Advice on How to Understand Your Credit Score

Your financial well-being is greatly impacted by your credit score. They are so crucial, in fact, that a whole business is dedicated to tracking and reporting your credit score.

What does that three-digit number actually signify, then? In a word, it demonstrates to lenders how responsibly you handle your debt and finances in general.

You are viewed as a “good” credit risk if you pay your bills on time and don’t have a lot of debt. This makes it simpler to obtain loans, credit cards, or a mortgage and, while doing so, secure the lowest interest rates. Your credit outlook won’t be as favorable if you frequently fall behind on your payments or have large credit card balances.

Understanding how your credit score functions doesn’t require you to be a genius. For more information on credit reporting and scoring, see our simple guide.

Issuance of credit reports

Experian, Equifax, or TransUnion provide credit reports and credit ratings. Your credit report is created by these three organizations using data from your creditors.

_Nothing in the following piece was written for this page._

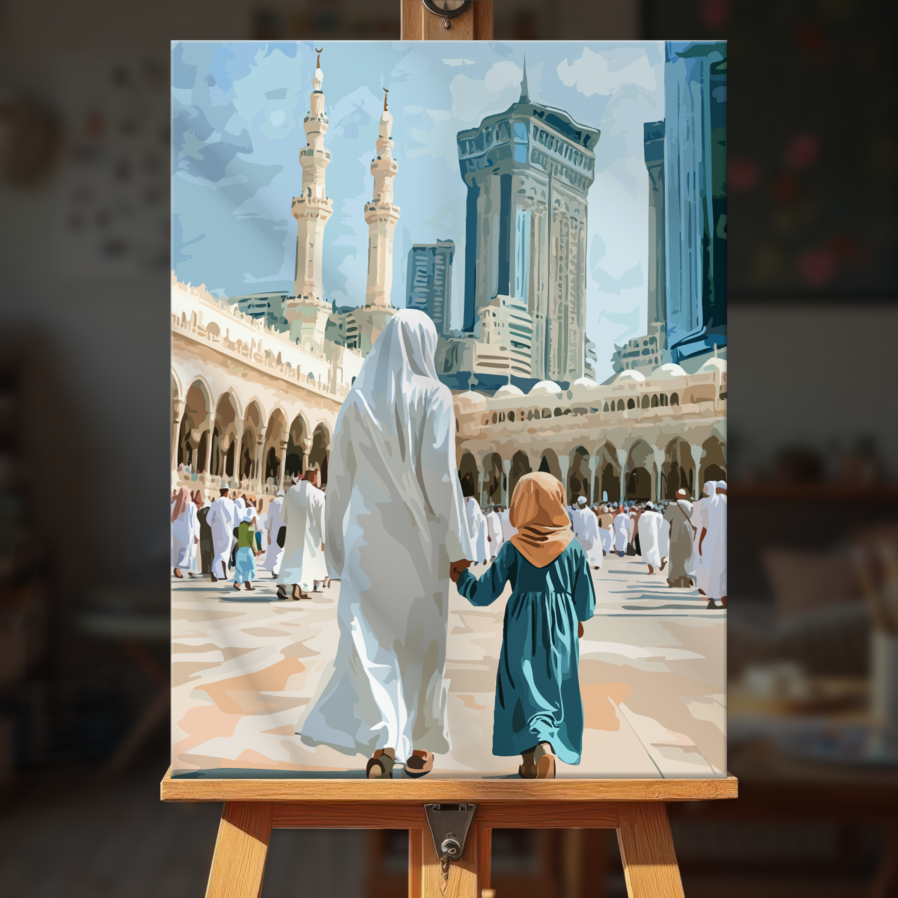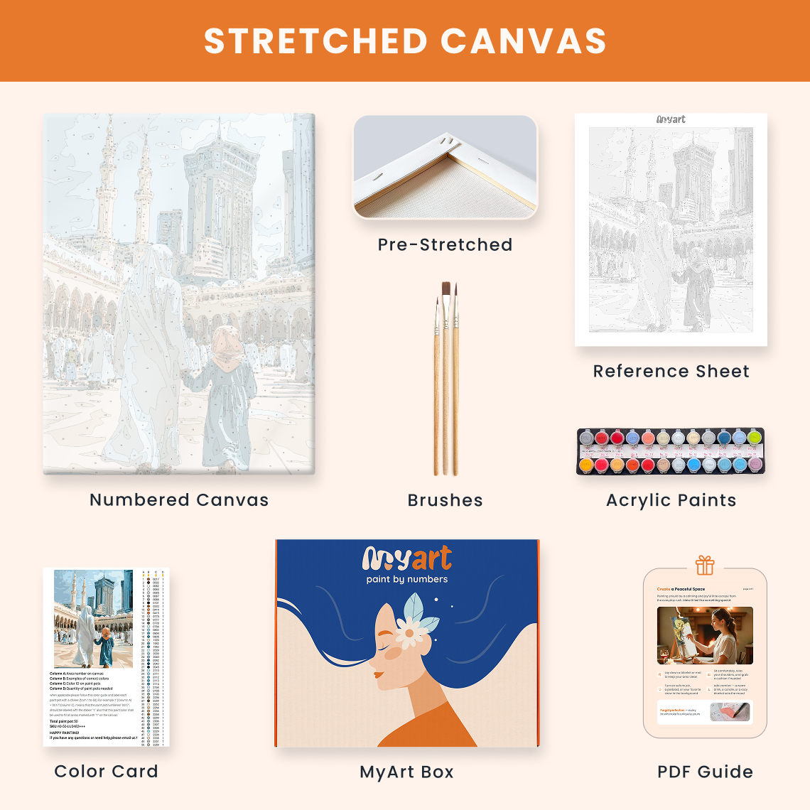The canvas is pre-stretched on a wooden frame — ready to hang when finished.

What to anticipate on your credit report is as follows:

  • Information about you personally, such as your current and previous addresses, Social Security number, and employment history.
  • A list of all of your credit accounts, along with their balances, payment histories, and most current activity
  • Public documents relating to debts, including foreclosures, bankruptcies, and wage garnishments
  • The number of times in the past two years that you have applied for fresh credit.

There’s a chance that your credit reports from the various credit bureaus won’t match. You might find information on one of your reports that isn’t included on the other two because lenders can choose which bureaus they report to.

Credit scores in numerical order

Your credit score is determined using all the data in your credit report. Your FICO score, which most lenders use to determine your creditworthiness, is based on five distinct factors:

1. Payment history (35% of the total) – A higher score is earned by paying on time. Damage from late payments, past-due or overdrawn accounts, bankruptcies, and liens can be severe.

2. Debt-to-credit ratio (30%) – Also known as “revolving utilization,” this ratio measures how much debt you have in relation to your total credit limit.

Since a smaller ratio typically equates to a higher score, your desired usage ratio should ideally be less than 10%. Your score will suffer if you are close to, or at, your limit on several cards.

Your utilization ratio may be calculated rather easily. Obtain a copy of your credit report and make a list of all of your credit card accounts, including the credit limits and outstanding balances for each. Closed accounts should not be included.

Next, total up all of your credit lines and outstanding balances. You should have two different figures that show how much you owe overall and how much credit you have received. The third step is to divide your total balance by the sum of your credit line, multiply the result by 100, and then convert the result to a percentage.

This sample will help you understand how it functions. Suppose you owe $1,500 on your credit cards but have a $25,000 credit limit overall. The math would seem as follows:

$1,500 ÷ $25,000 = .06

.06 x 100 = 6%

As you can see, your credit score benefits from the credit utilization, which is 6 percent. To find out what your utilization ratio is with each of your creditors, you may also perform this calculation separately for each card. In either case, this will offer you a solid picture of how risky a borrower you are to lenders.

Last but not least, don’t assume that if you paid in whole each month, your utilization ratio would be zero. Even if you pay your payment in full each month, you’re likely to have a balance if you’ve used your card at all in the previous 30 days because the number that appears on your credit reports is the same as the balance from your most recent statement.

1. Length of credit history (15%) – This reveals how long you’ve used credit and how you’ve previously handled your money. Keep older accounts open even if you don’t use them because the longer your credit history is the better.

2. New credit accounts and inquiries (10%) – This category comprises accounts you’ve opened recently as well as credit-related enquiries from businesses. While credit inquiries are recorded on your credit report for two years, they are only taken into account for the first 12 months for calculating your credit score. If you’re going to apply for new credit, spread out the queries over time to lessen the effect they will have on your score.

3. Credit Diversification (10%) – Having credit cards is an excellent way to develop credit, but lenders also want to see that you can handle other sorts of debt, such mortgages and installment loans.

Don’t ignore the state of your credit.

You should monitor your credit just as creditors and credit bureaus do. The three credit agencies’ credit reports should be reviewed by you at least once a year to look for errors, according to experts. Do not wait to dispute any inaccuracies you uncover in order to have them corrected.

In the end, you are accountable for your credit score. Making the grade is a test you take your entire life and are regularly graded on. Making responsible credit and payment utilization routine can help you maintain a high credit score.